Xavier Le Normand/Agence I.Media | 16 octobre 2017

Le Vatican et le Japon ont fêté ensemble 75 ans de relations diplomatiques. L’aboutissement d’une vie pour l’amiral Yamamoto.

En 1942, en pleine Seconde Guerre mondiale, l’Empire du Japon et le Saint-Siège établissent des relations diplomatiques bilatérales. Une décision stratégique certes, mais aussi le fruit du travail patient d’un homme d’exception, l’amiral Étienne Shinjiro Yamamoto, catholique et proche conseiller de l’Empereur.

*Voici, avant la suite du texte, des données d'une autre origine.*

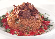 يوضع الأرز في طبق التقديم ويزين بمكعبات اللحم واللوز والصنوبر
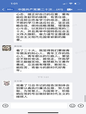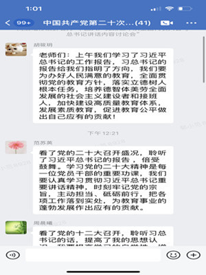 大家纷纷表示,一定要认真学习、贯彻、落实党的二十大精神,以更加高昂的工作热情和干劲献身人民的教育事业,为推动教育事业的发展而努力奋斗。
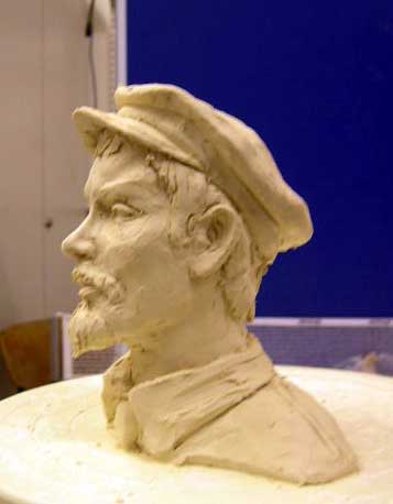 Lenin wearing fake hair to hide his identidy. Lenin made in porcelan (production photo, unglazed) - in disguise, with fake hair.

Depuis le début, les relations entre l’Église et le Japon ont connu une histoire tumultueuse.

D’abord accueillis au XVIe siècle, les missionnaires sont rapidement chassés et les chrétiens persécutés.

Ce n’est qu’au milieu du XIXe siècle que les missionnaires peuvent remettre le pied dans le pays.

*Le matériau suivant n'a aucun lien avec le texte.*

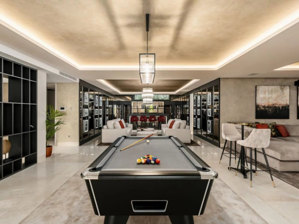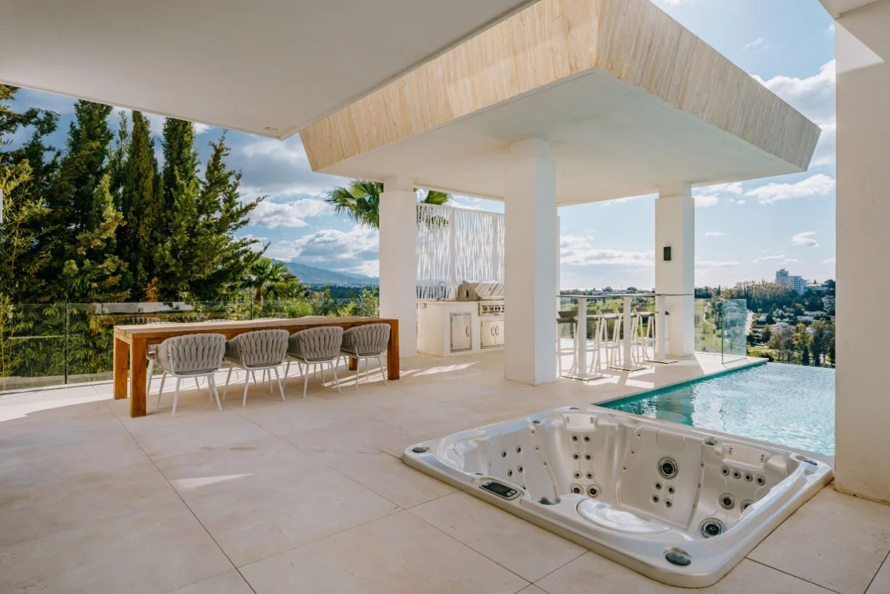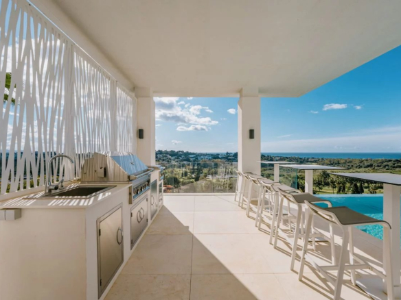 Profitez des zones de divertissement et de détente désignées à l’extérieur, et trouvez des plaisirs de détente ou de remise en forme dans votre club de santé avec une salle de sport, un sauna et une terrasse de yoga. Les terrasses couvertes et ensoleillées de 341 m² ont tout ce dont vous avez besoin pour profiter du style de vie méditerranéen de renommée mondiale, y compris les zones de détente, de repas en plein air, de barbecue et de solarium. La grande piscine à débordement avec cascade ajoute de l’exclusivité. Il en va de même pour le garage privé pour 10 voitures.

Et finalement, en 1942, le Japon devient le premier État asiatique à établir une relation bilatérale directe avec le Saint-Siège.

Cet événement est dû en grande partie à un homme, l’amiral Étienne Yamamoto Shinjiro.

Né en 1877, ce noble japonais reçoit le baptême en 1893.

Bien que catholique, c’est un homme très important de la cour impériale : il est notamment un des éducateurs de l’empereur Hirohito, au pouvoir de 1926 à 1989.

Il est aussi, mais cela est encore peu connu, un des proches du cardinal Pacelli – futur Pie XII — pendant la Première Guerre mondiale.

En 1919, il vient en Europe pour les négociations du traité de Versailles. Il en profite pour confier aux autorités du Saint-Siège la compatibilité de la foi catholique avec le culte shinto, c’est-à-dire le culte désormais laïc des Japonais pour leur empereur.

En décembre de la même année, le pape Benoît XV nomme son premier délégué apostolique (représentant qui n’a pas le rang d’ambassadeur) dans l’archipel.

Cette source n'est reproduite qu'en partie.